### Overall Process

If you *can* use form recognizer Layout API for all of the Gazettes, this is preferable. 

If you can't use form recognizer Layout API for all of the Gazettes: 
* Get list of all gazette pages that have tables in them, using the column number estimator.<sup>1</sup> If a page is estimated to have "None" or more than 2 columns, it's likely a table. 
* Get the full PDF of those gazettes
* Filter for the page(s) (remember that PDF Reader Objects start indexing at zero) 
* Send the PDF data for the filtered pages to the form recognizer API

<sup>1</sup>There are limitations with the column estimation strategy. In particular, if a page contains one small table (e.g., 1-2 rows) and is otherwise a two-column page, the column estimator will not identify it as containing tables. 

A possible improvement would be to filter pages for Notices of interest that are anticipated to contain tables. For example, a project interested in the Land Act could find pages containing a Land Act announcement. 

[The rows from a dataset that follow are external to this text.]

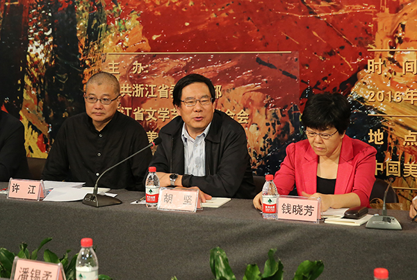 中共浙江省委宣传部常务副部长胡坚在交流会上指出,习近平总书记文艺工作座谈会重要讲话对文艺工作提出了很多新要求,赋予文艺工作者更多新的历史使命,要求艺术创作要真正为人民服务,为社会主义建设的繁荣发展服务。两年以来,浙江各界按照习总书记的要求进一步加强艺术创作的民族意识,中国美院在这方面做了很多的工作。
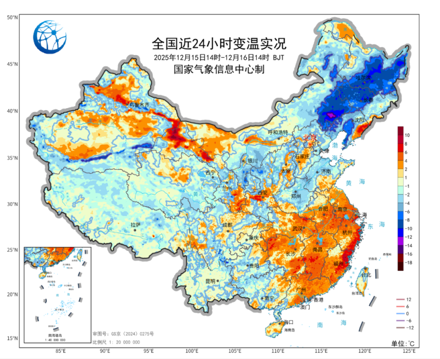 不过,这波“狂飙”的回暖将于19日之后戛然而止。届时冷空气势力增强,全国自北向南将再次迎来明显降温。进入冬至节气后,全国气温将基本回落至正常或偏低水平,重归冬日本色。大家要珍惜眼前的温暖,到周末时也要记得及时换上厚衣服!
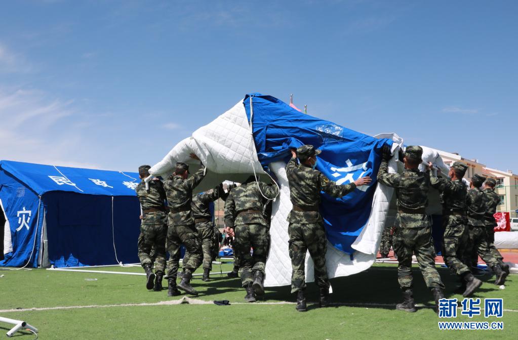 5月24日,武警青??傟牴逯ш牂C(jī)動大隊官兵為花石峽鎮(zhèn)藏文中心寄宿制小學(xué)搭建帳篷教室。新華社記者 劉新 攝

Once you have the tables: 
* Knit the tables together using the information provided: 
    + If `resp_json` is json format of response object, then `resp_json['analyzeResult']['pageResults'][0]['tables']` will give the tables on page 0
    + Gives rowIndex & columnIndex, + bounding box for the text, + the text
    
Unfortunately, we did not have time to implement this process fully. We hope that the below starting point, as well as the explanation of the Form Recognizer Layout API output described in the `additional_walkthroughs` folder, will be a starting point for someone else to implement this in a straightforward way. 

In [2]:
import os
import json
import requests

from helpers import json_extraction as je
from helpers import write_urls as wu 

ROUTETOROOTDIR = '/home/dssg-cfa/notebooks/dssg-cfa-public/'
IMPORTSCRIPTSDIR = ROUTETOROOTDIR + "util/py_files"
os.chdir(IMPORTSCRIPTSDIR)
import orderingText

ke_gazettes = "/home/dssg-cfa/ke-gazettes/"
filenames = [f for f in os.listdir(ke_gazettes)]

In [3]:
# Pseudocode to build off of:

likely_tables = []
for fn in filenames[:5]: 
    with open(ke_gazettes + fn) as f:
        data_json = json.load(f)
    content = data_json['analyzeResult']['readResults']
    pg_lst = []
    for i in range(len(content)):
        page_lines = content[i]['lines']
        num = orderingText.getNumCols(page_lines)
        if (num != None and num > 2) or (num == None):
            if i == 0 and len(content) == 1: 
                continue # skip table of contents 
            pg_lst.append(i)
            
    # POSSIBLE PSEUDOCODE: 
    # access source database metadata, using our map from the DSSG filenames
    # use this metadata to access a URL  
    # call form recognizer API on the page, passing it the URL and the pg_lst (indices)
        # json_extraction.call_form_rec_layout_api() will be helpful for this
    # append results of form recognizer API to the JSON, with page numbers attached 
    # re-save the JSON under the same filename -- now including Form Recognizer results
    likely_tables.append({fn: pg_lst})
        
likely_tables

[{'gazette-ke-vol-cx-no-100-dated-19-december-2008-special': []},
 {'gazette-ke-vol-cvii-no-34-dated-13-may-2005': [0, 35]},
 {'gazette-ke-vol-cxiv-no-45-dated-23-may-2012-special': []},
 {'gazette-ke-vol-cxviii-no-163-dated-23-december-2016': [1,
   2,
   13,
   14,
   15,
   16,
   17,
   18,
   19,
   20,
   21,
   22,
   31]},
 {'gazette-ke-vol-cxix-no-94-dated-10-july-2017-special': [1]}]